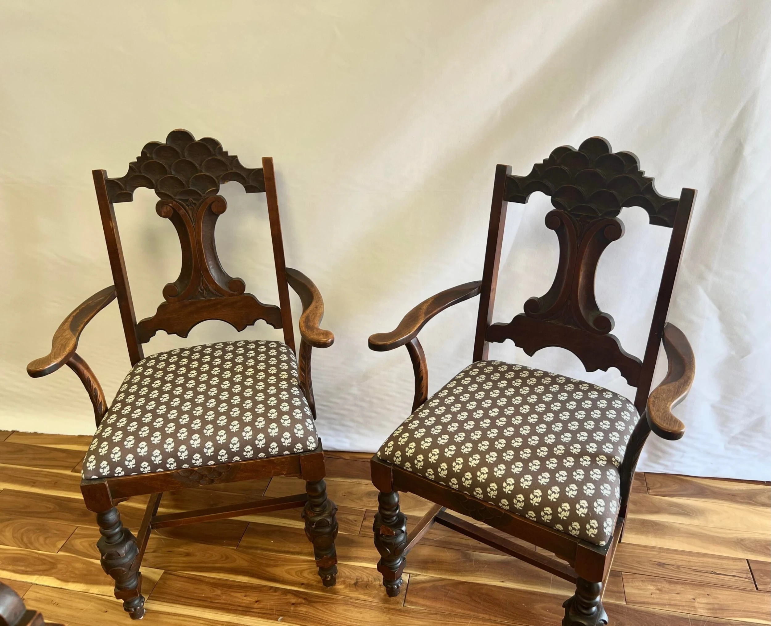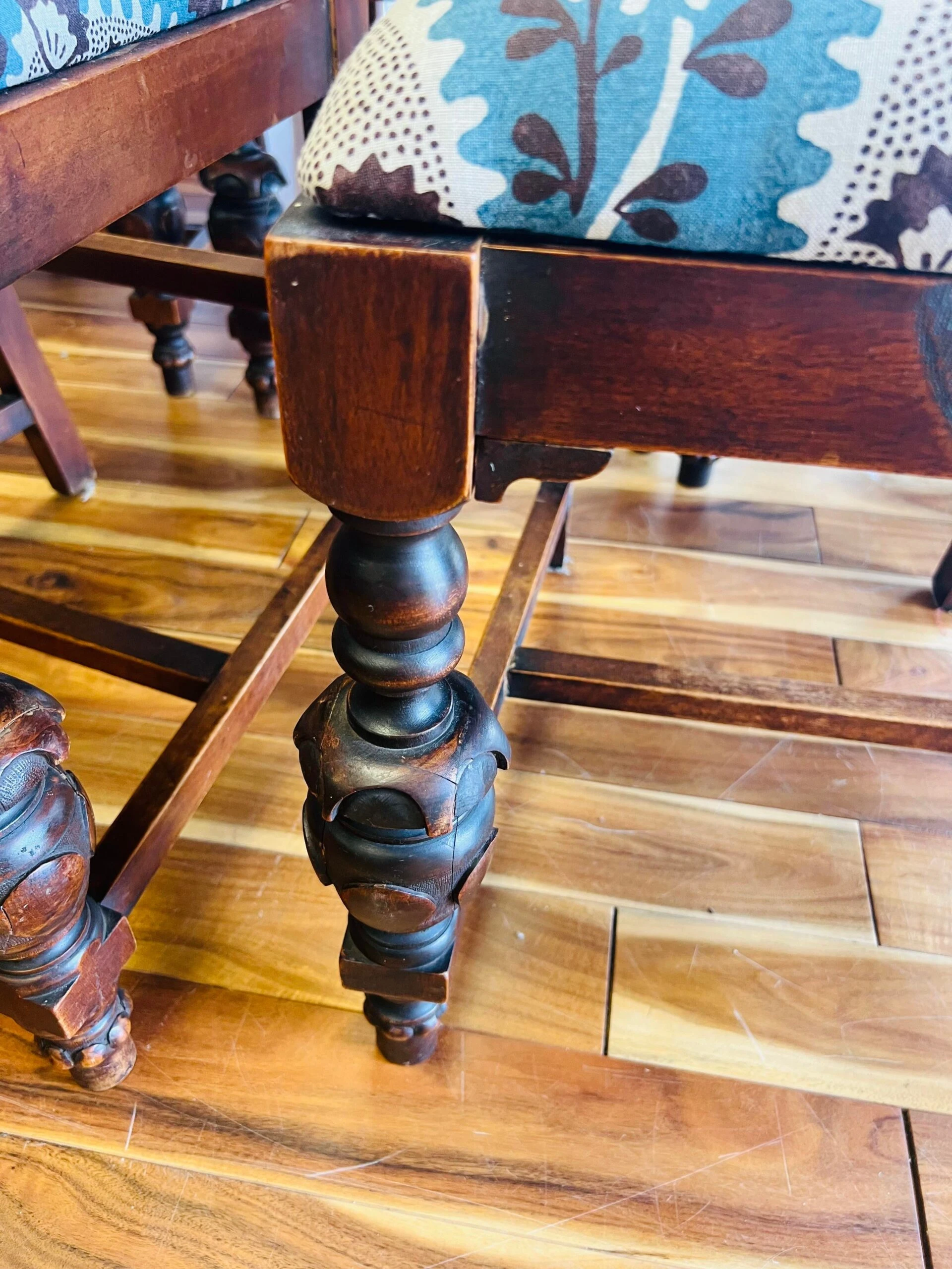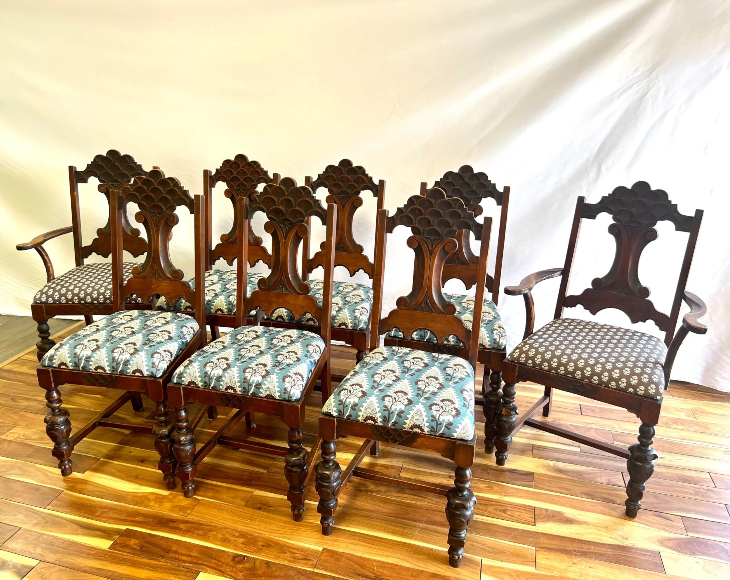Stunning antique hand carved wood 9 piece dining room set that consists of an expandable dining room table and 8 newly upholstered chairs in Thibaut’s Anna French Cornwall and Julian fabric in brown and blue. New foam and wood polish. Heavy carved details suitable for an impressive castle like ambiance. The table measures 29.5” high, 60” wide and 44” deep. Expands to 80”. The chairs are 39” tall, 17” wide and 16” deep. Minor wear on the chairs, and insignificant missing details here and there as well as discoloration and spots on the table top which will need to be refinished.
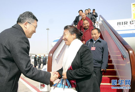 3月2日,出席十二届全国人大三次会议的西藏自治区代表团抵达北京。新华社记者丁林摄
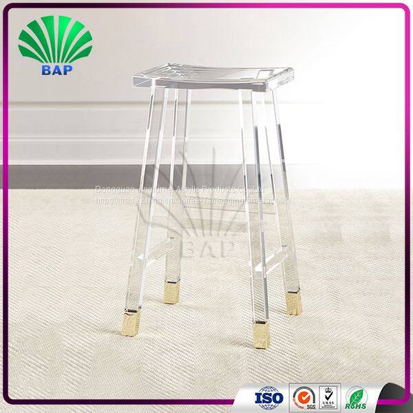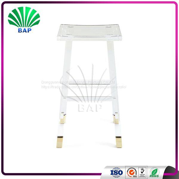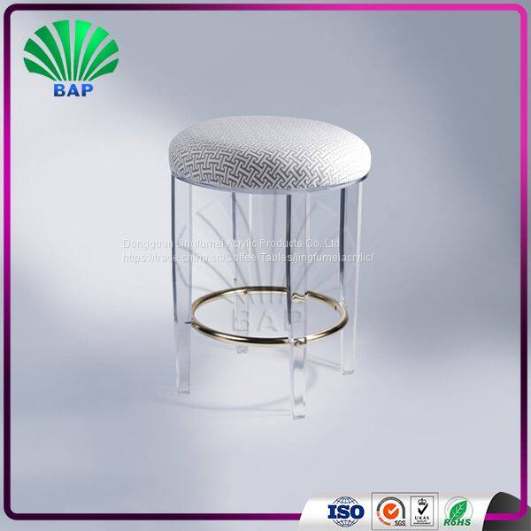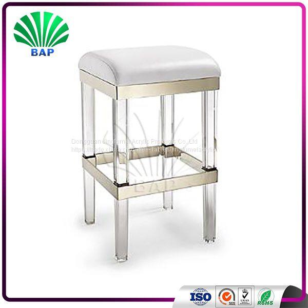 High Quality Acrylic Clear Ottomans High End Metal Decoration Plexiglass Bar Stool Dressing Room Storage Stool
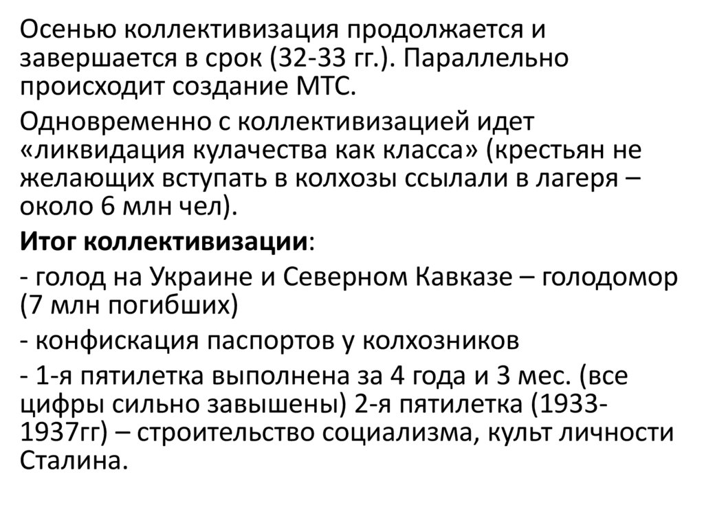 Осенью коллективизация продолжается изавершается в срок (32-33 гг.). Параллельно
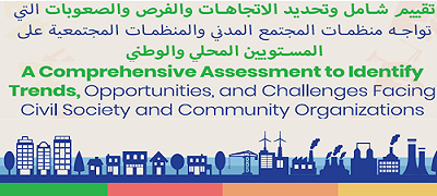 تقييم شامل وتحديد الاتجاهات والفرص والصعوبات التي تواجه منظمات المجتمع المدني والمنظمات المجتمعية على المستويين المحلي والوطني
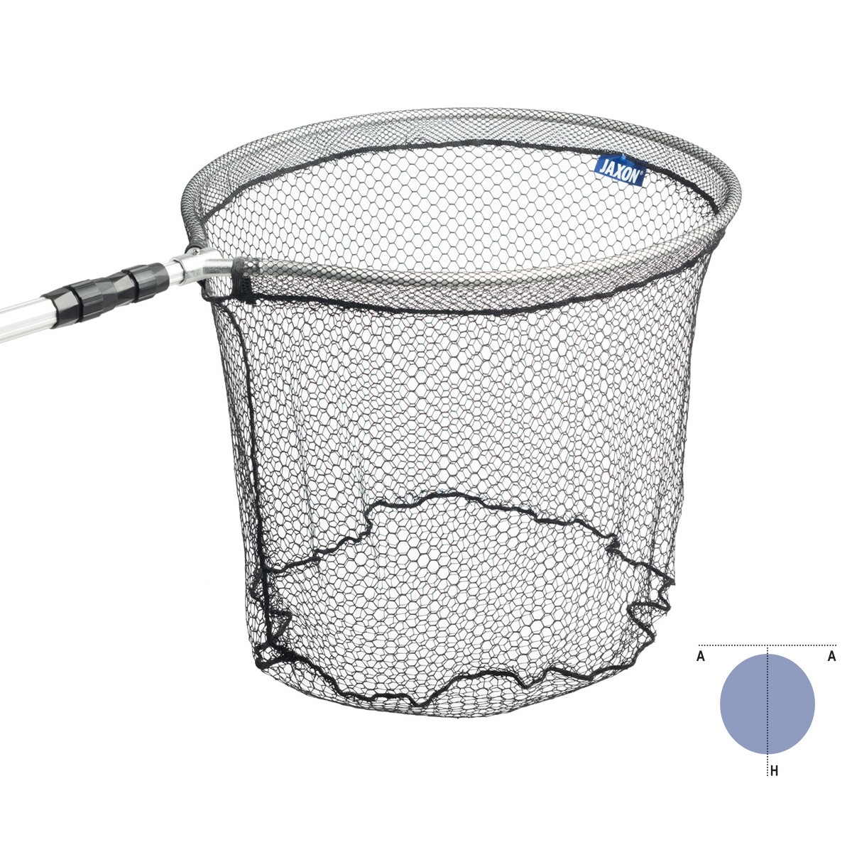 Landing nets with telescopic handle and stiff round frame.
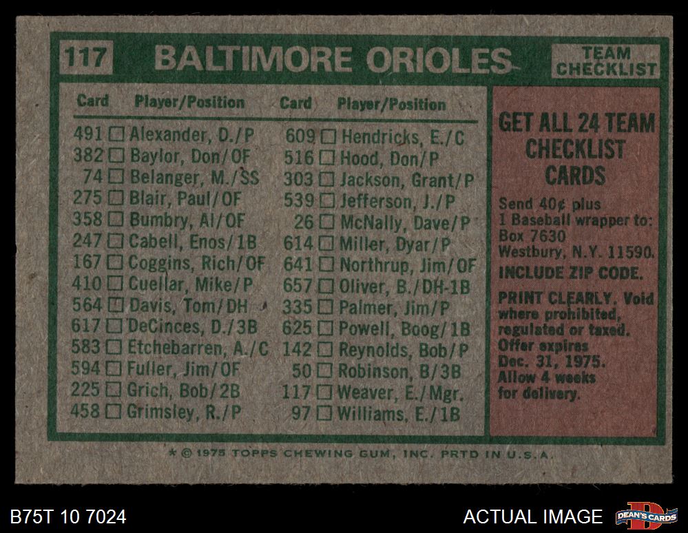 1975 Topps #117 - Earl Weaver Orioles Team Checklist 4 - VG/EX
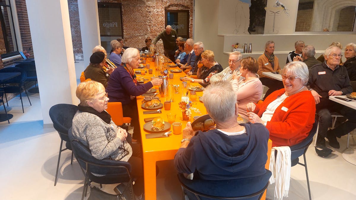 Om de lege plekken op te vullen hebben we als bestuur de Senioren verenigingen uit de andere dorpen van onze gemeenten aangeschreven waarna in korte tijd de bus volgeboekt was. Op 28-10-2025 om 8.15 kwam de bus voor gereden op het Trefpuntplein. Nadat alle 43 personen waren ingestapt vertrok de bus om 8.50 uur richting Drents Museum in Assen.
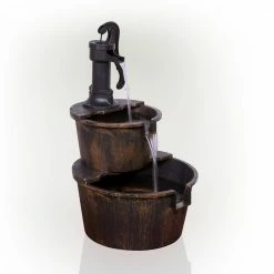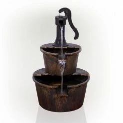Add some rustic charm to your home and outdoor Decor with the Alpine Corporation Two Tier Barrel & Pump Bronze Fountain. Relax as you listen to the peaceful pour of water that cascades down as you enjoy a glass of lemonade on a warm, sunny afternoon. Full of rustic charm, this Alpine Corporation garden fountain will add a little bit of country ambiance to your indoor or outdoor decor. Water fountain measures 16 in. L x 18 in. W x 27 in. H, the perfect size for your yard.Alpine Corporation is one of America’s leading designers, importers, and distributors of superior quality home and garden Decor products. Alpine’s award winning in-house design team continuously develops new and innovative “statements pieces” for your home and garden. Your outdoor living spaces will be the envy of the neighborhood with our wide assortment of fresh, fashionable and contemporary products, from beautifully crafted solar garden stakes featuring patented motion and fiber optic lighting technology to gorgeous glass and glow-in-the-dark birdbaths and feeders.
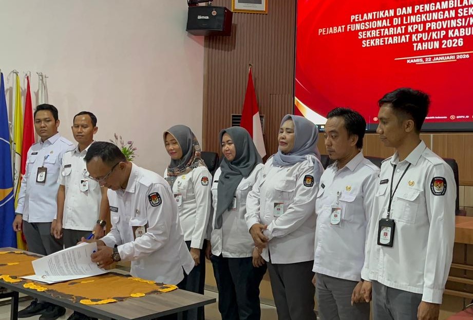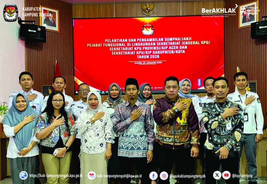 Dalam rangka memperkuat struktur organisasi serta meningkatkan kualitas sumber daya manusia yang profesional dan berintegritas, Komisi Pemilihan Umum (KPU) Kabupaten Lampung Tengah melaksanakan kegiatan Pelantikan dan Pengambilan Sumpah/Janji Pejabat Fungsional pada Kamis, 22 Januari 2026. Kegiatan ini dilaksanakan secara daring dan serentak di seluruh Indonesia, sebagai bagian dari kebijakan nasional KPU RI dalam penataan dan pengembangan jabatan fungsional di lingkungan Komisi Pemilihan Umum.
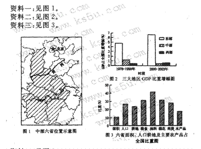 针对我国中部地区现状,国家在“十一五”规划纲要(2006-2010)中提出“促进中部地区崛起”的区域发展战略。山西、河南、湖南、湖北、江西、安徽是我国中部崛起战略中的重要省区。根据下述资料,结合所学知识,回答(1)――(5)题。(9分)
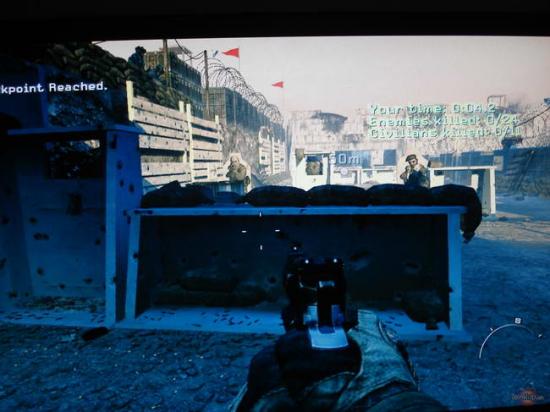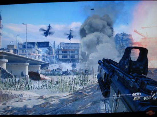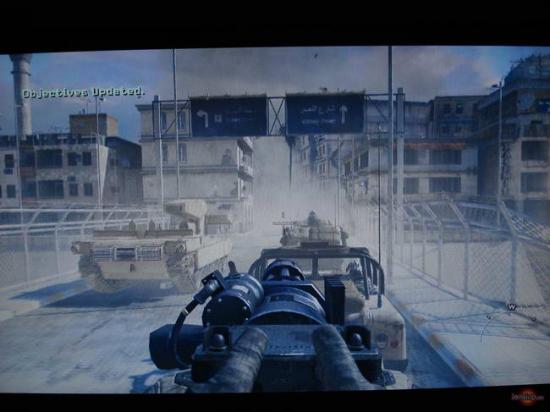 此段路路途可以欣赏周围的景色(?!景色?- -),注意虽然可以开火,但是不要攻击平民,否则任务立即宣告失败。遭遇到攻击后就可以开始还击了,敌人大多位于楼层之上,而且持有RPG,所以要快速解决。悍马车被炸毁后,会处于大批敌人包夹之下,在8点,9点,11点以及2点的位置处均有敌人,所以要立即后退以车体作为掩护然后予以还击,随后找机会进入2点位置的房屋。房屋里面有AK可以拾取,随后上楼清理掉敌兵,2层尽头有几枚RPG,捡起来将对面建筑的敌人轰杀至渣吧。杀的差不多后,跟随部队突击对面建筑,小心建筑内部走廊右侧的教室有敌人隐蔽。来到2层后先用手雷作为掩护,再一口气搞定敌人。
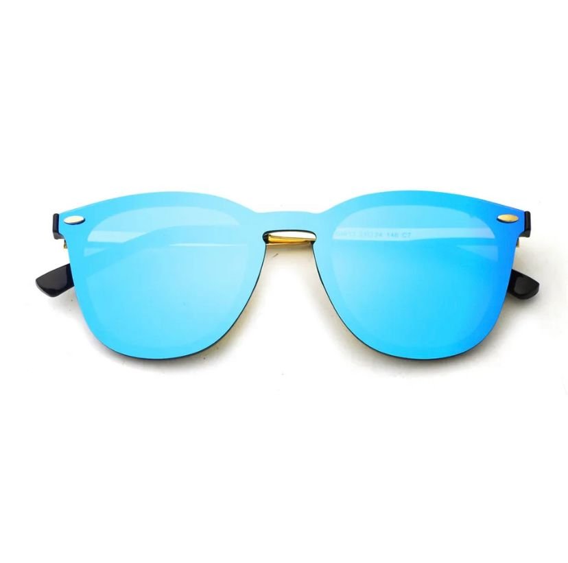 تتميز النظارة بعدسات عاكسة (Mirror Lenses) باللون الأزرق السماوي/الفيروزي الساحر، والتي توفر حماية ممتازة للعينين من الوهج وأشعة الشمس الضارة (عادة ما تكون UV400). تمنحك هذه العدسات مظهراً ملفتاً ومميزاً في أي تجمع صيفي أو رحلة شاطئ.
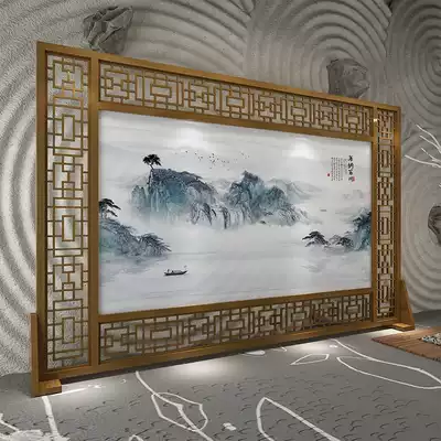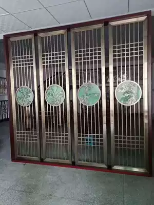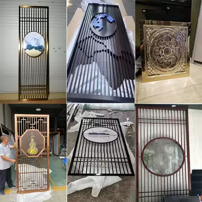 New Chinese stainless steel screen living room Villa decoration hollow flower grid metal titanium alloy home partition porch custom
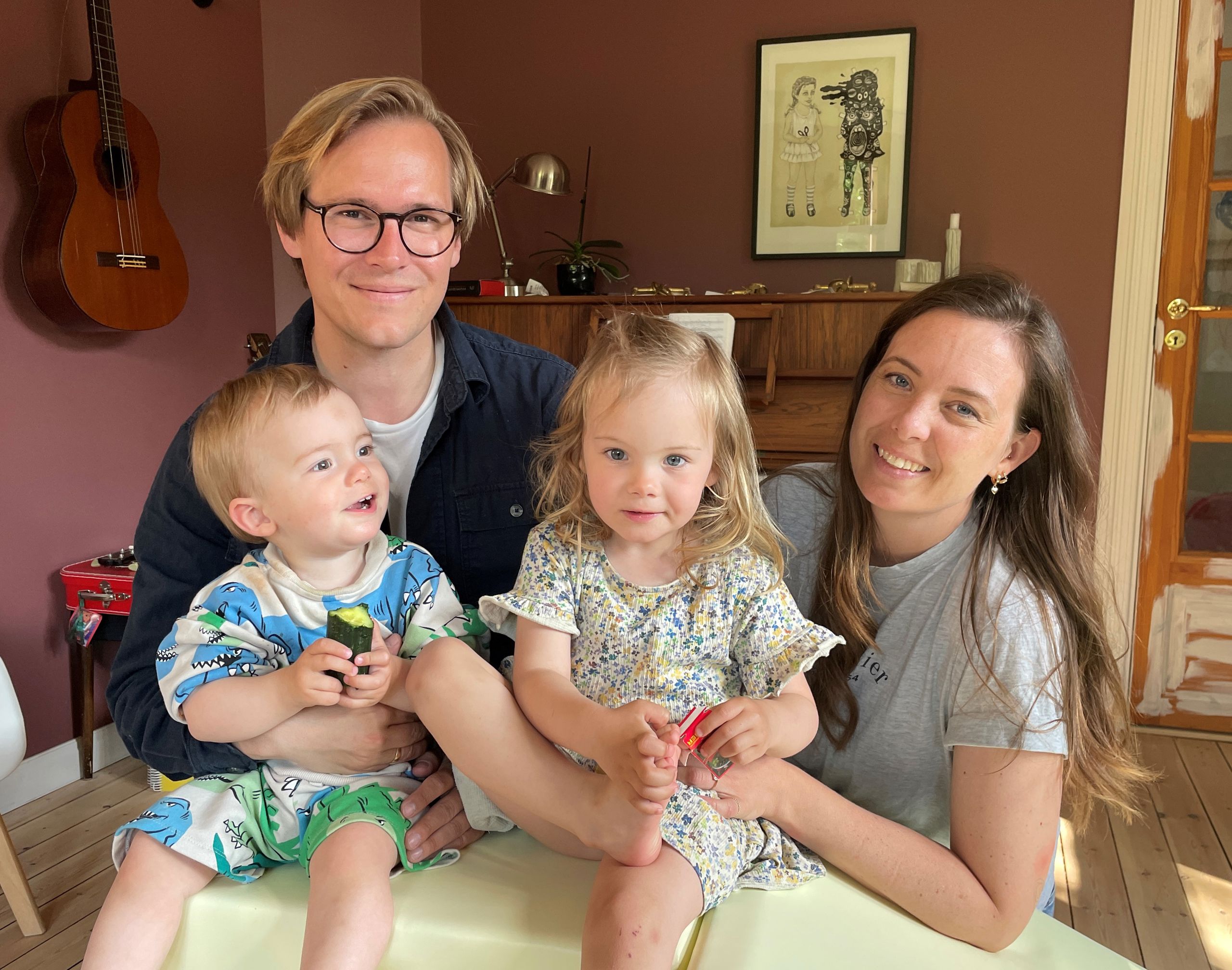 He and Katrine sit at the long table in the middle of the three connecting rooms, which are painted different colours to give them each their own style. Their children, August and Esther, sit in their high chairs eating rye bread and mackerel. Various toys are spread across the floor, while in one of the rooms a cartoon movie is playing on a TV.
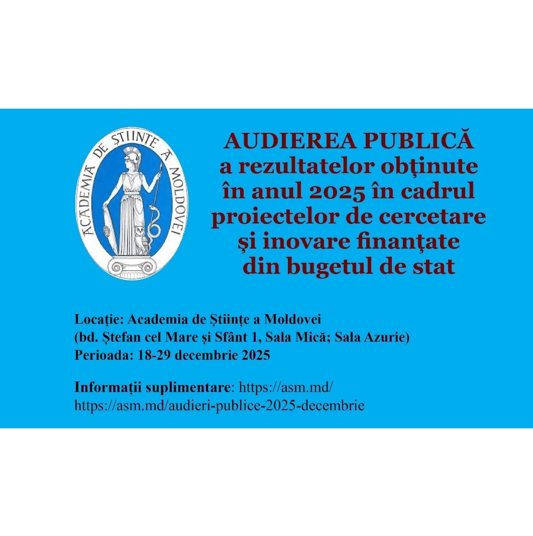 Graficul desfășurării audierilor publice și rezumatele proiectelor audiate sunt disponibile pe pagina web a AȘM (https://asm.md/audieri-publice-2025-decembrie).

▶ Work required: Skip every picture and return the lines above from the top through the one that contains "High Quality Acrylic".

▶ Response area:
Stunning antique hand carved wood 9 piece dining room set that consists of an expandable dining room table and 8 newly upholstered chairs in Thibaut’s Anna French Cornwall and Julian fabric in brown and blue. New foam and wood polish. Heavy carved details suitable for an impressive castle like ambiance. The table measures 29.5” high, 60” wide and 44” deep. Expands to 80”. The chairs are 39” tall, 17” wide and 16” deep. Minor wear on the chairs, and insignificant missing details here and there as well as discoloration and spots on the table top which will need to be refinished.
 3月2日,出席十二届全国人大三次会议的西藏自治区代表团抵达北京。新华社记者丁林摄
 High Quality Acrylic Clear Ottomans High End Metal Decoration Plexiglass Bar Stool Dressing Room Storage Stool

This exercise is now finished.